SpaceX's June 12 IPO: Why Haste Could Be Costly
The SpaceX IPO: A $1.75 Trillion Valuation and the Risks Ahead

SpaceX is set to make a massive splash in the stock market with its upcoming Initial Public Offering (IPO), targeting a valuation of $1.75 trillion. This would place the company among the world’s largest publicly traded firms, even though history suggests that mega IPOs often come with significant risks for retail investors.
The excitement surrounding the IPO has been immense, especially for those who have long watched private companies stay private for extended periods. For many, this is an opportunity to own a piece of one of the most influential companies in the modern space economy. However, before jumping on board, it's important to understand the potential pitfalls that come with such a high-profile offering.
Mega IPOs Often Underperform
Historically, many large IPOs have struggled to maintain their initial hype. According to Nasdaq research, nearly 64% of IPOs underperform the broader market over their first three years. Some have dropped by more than 10 percentage points as the initial excitement fades and valuations normalize.

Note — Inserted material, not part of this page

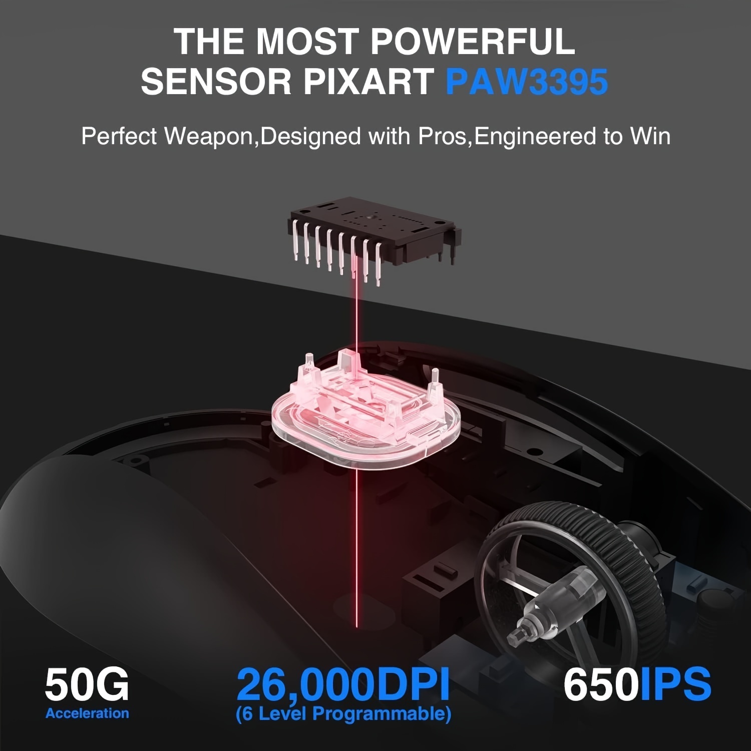 AJ199 Wireless Gaming Mouse, 59G Ultra Lightwieght-Huanuo Micro Switch-26K PAW3395 Sensor-40Hrs Battery Life-2.4G/USB-C Mouse Gaming -Wireless Computer Mouse 6 Programmable Buttons, 100% PTFE Feet
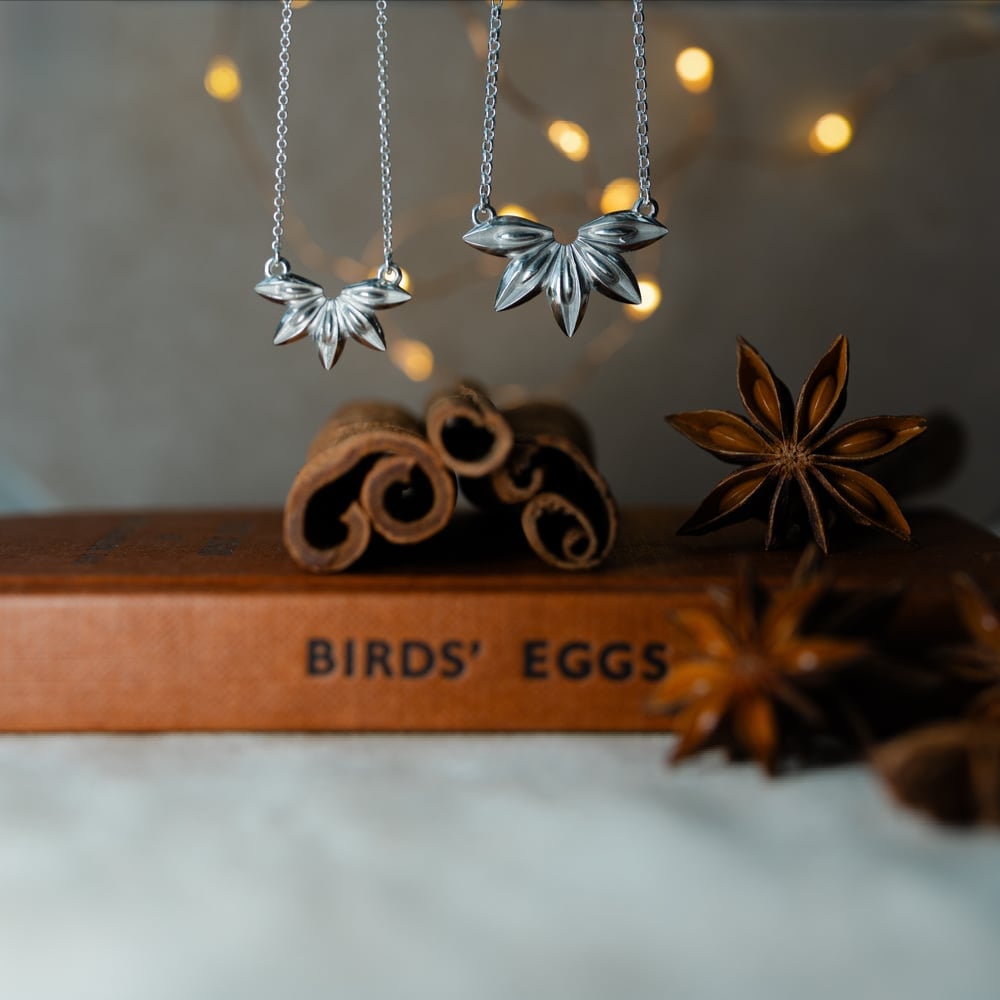 Made from sterling silver, the half Star Anise pendant is double sided which can be worn to show the symmetry of the star points or the intricate front.

Here are some notable examples:
- Meta Platforms (NASDAQ:META) - 2012, $16 billion raised, 47% decline from post-IPO peak
- Alibaba (NYSE:BABA) - 2014, $21.8 billion raised, 26% decline
- Saudi Aramco - 2019, $25.6 billion raised, 22% decline
- Uber Technologies (NYSE:UBER) - 2019, $8.1 billion raised, 18% decline
Even companies like Coinbase Global (NASDAQ:COIN) and Rivian Automotive (NASDAQ:RIVN), which saw massive initial gains, later experienced sharp declines as market conditions changed.
Retail Investors Face the "Retail Trap"
One of the biggest challenges for retail investors is that they often don’t get the best pricing during an IPO. Institutional investors, such as hedge funds and large banks, typically receive shares at the IPO price before trading opens. By the time retail investors can buy, the stock may already be trading significantly higher.
This “retail trap” has played out before. For example, when Coinbase debuted in 2021, it was valued above $85 billion. Within a year, shares had fallen by more than 75%. Similarly, Rivian briefly reached a valuation larger than Ford, only to lose over 80% of its value.
Even if a company is fundamentally strong, a high valuation can leave little room for growth. If the entry price is too steep, even a great business can become a poor investment.
The Broader Market Impact
Another concern is how the SpaceX IPO might affect the broader market. Mega IPOs often pull capital away from existing stocks as investors reallocate their portfolios. This could lead to temporary pressure on other tech and aerospace stocks.
Additionally, if the broader market weakens after the IPO, newly public companies may suffer first as early investors rush to lock in profits. The S&P 500 is currently trading near 23 times forward earnings, well above its historical average of 16 to 18 times. Adding another ultra-premium valuation to the mix could leave little margin for error.
Key Takeaway: Patience May Be the Best Strategy
While SpaceX is undoubtedly a powerful and innovative company, its stock price may not reflect its true long-term potential. Investors should separate the company from the stock price and consider whether the current valuation makes sense.
Patience could prove to be the best approach. Instead of rushing into the market frenzy on June 12, investors may want to watch the first few quarters unfold and assess how the company performs in the public market.